Em conclusão, um método sofisticado e preciso para medir o perfil de hidratação polínica no organismo modelo A. thaliana é descrito. Nós demonstramos que, utilizando este protocolo, dados altamente consistentes de hidratação polínica para A. thaliana podem ser facilmente adquiridos. Três lotes independentes de dados para polinizações WT adquiridas em dias diferentes mostraram pequenos desvios consistentes de <3% em todos os momentos (Figura 7 e Tabela Suplementar S1). Embora o bioensaio aqui apresentado seja um pouco mais complexo do que a maioria dos protocolos existentes, a resolução dos dados gerados é superior e adequada para a identificação e caracterização de novos mutantes que impactam vias reguladoras de polinização compatível.

A reprodução sexuada bem-sucedida em angiospermas normalmente depende da transferência de grãos de pólen intraespecíficos da antera para o estigma, dentro ou entre indivíduos (ou seja, polinização). Essa transferência de grãos de pólen para uma flor receptiva é geralmente mediada por polinizadores ou fatores abióticos; Como tal, isso também resulta frequentemente na deposição de pólen heteroespecífico sob condições naturais. Com algumas exceções, a progressão da polinização por pólen heteroespecífico é evolutivamente desvantajosa, reduzindo a aptidão reprodutiva através da perda de oportunidades de acasalamento, com a maioria das progênies híbridas resultantes não se desenvolvendo adequadamente ou sendo estéril1. Assim, mecanismos têm evoluído para bloquear a polinização por pólen heteroespecífico "incompatível"2. O rápido reconhecimento de pólen compatível é, portanto, sem dúvida, o processo mais importante nos estágios iniciais da reprodução sexuada em muitas plantas com flores.

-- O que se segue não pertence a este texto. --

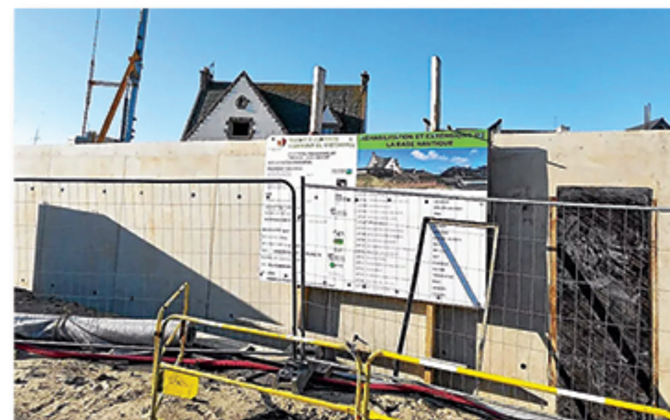
« Maison de la mer »
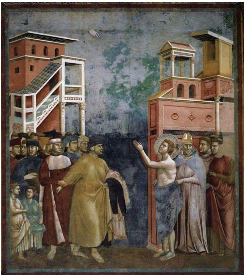
Франциск. Отказ от владения имуществом
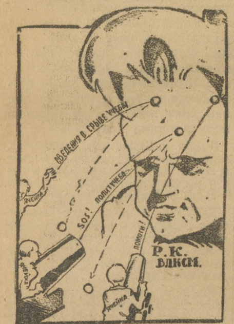
Как в стену горох...

половину не посещают. В ячейке № 7, при ЗИУ все комсомольцы, и даже большинство беспартийных было охвачено по политучебы.
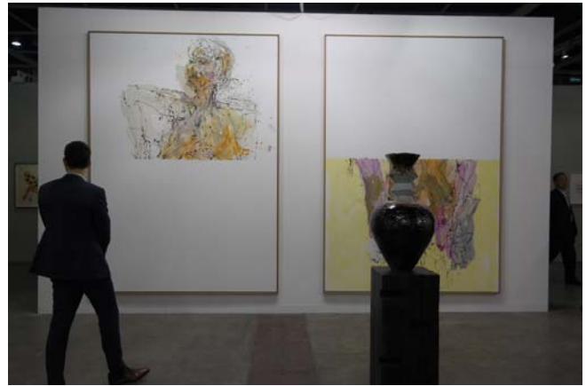
(아트바젤 홍콩) 화이트큐브에서 선보인 게오르그 바젤리츠(Georg Baselitz)의 작품
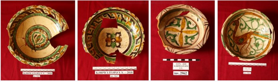
Şəkil 3. Həndəsi, nəbati və zoomorf təsvirli şirli kasalar
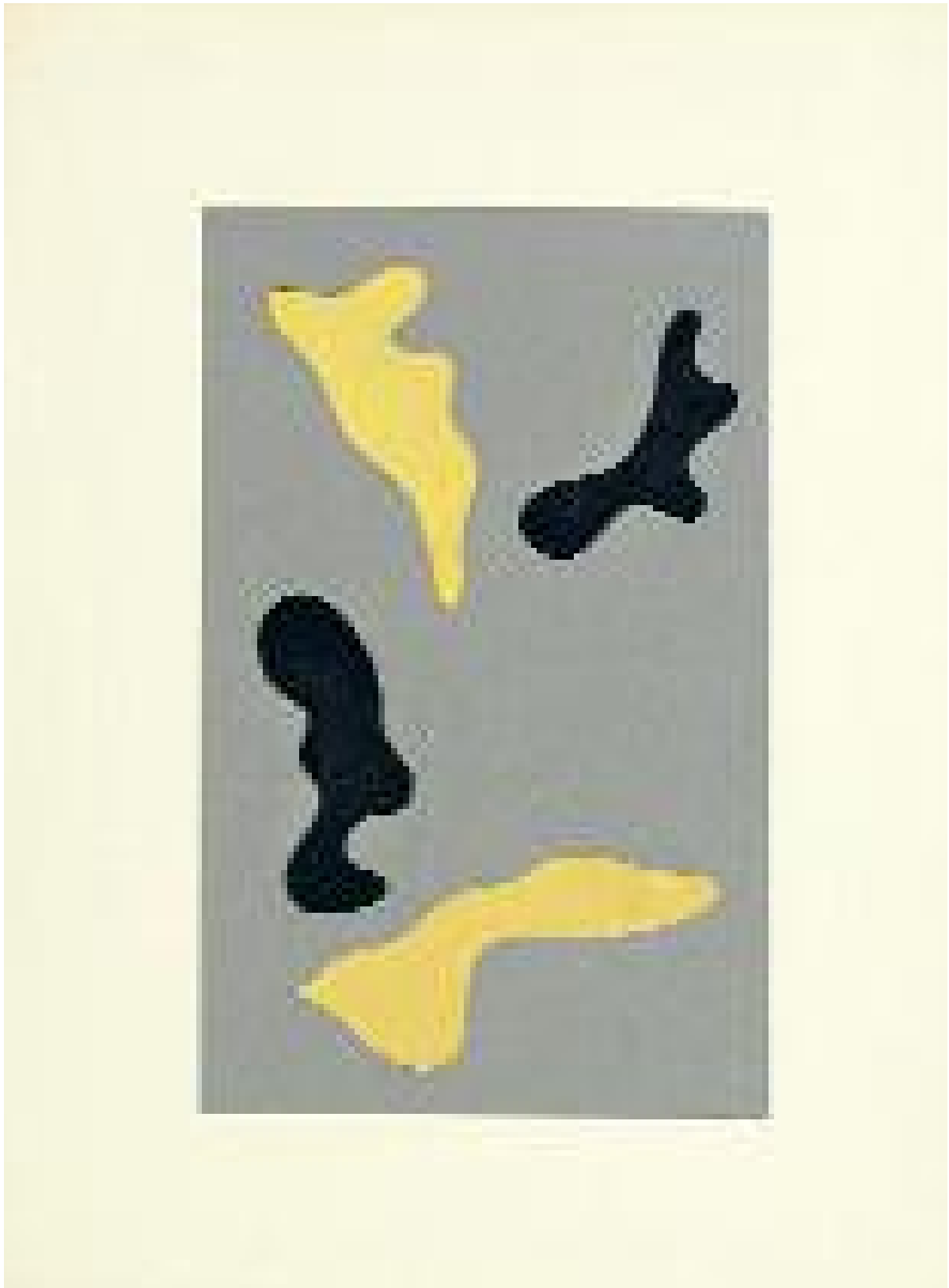
Sans titre Collage Untitled

Na família Brassicaceae, onde os estigmas são do tipo "seco", uma série de checkpoints moleculares atuam em múltiplos estágios do processo reprodutivo regulando a polinização, de modo que apenas o pólen compatível é bem-sucedido. A hidratação polínica é um dos pontos de verificação mais importantes (Figura 1), pois o pólen que não se hidrata não consegue progredir para produzir um tubo polínico e, posteriormente, entregar espermatozoides ao gametófito feminino. Frequentemente, grãos incompatíveis não conseguem passar por esse primeiro ponto de verificação de polinização e, portanto, não têm acesso à água estigmatizada3. Entre os membros da família Brassicaceae, o reconhecimento do pólen ocorre rapidamente, sendo a compatibilidade estabelecida poucos minutos após a fixação do grão de pólen ao pistilo 4,5. Nos últimos anos, muito progresso foi feito, e agora estamos começando a entender os mecanismos moleculares que regulam os principais pontos de controle de polinização.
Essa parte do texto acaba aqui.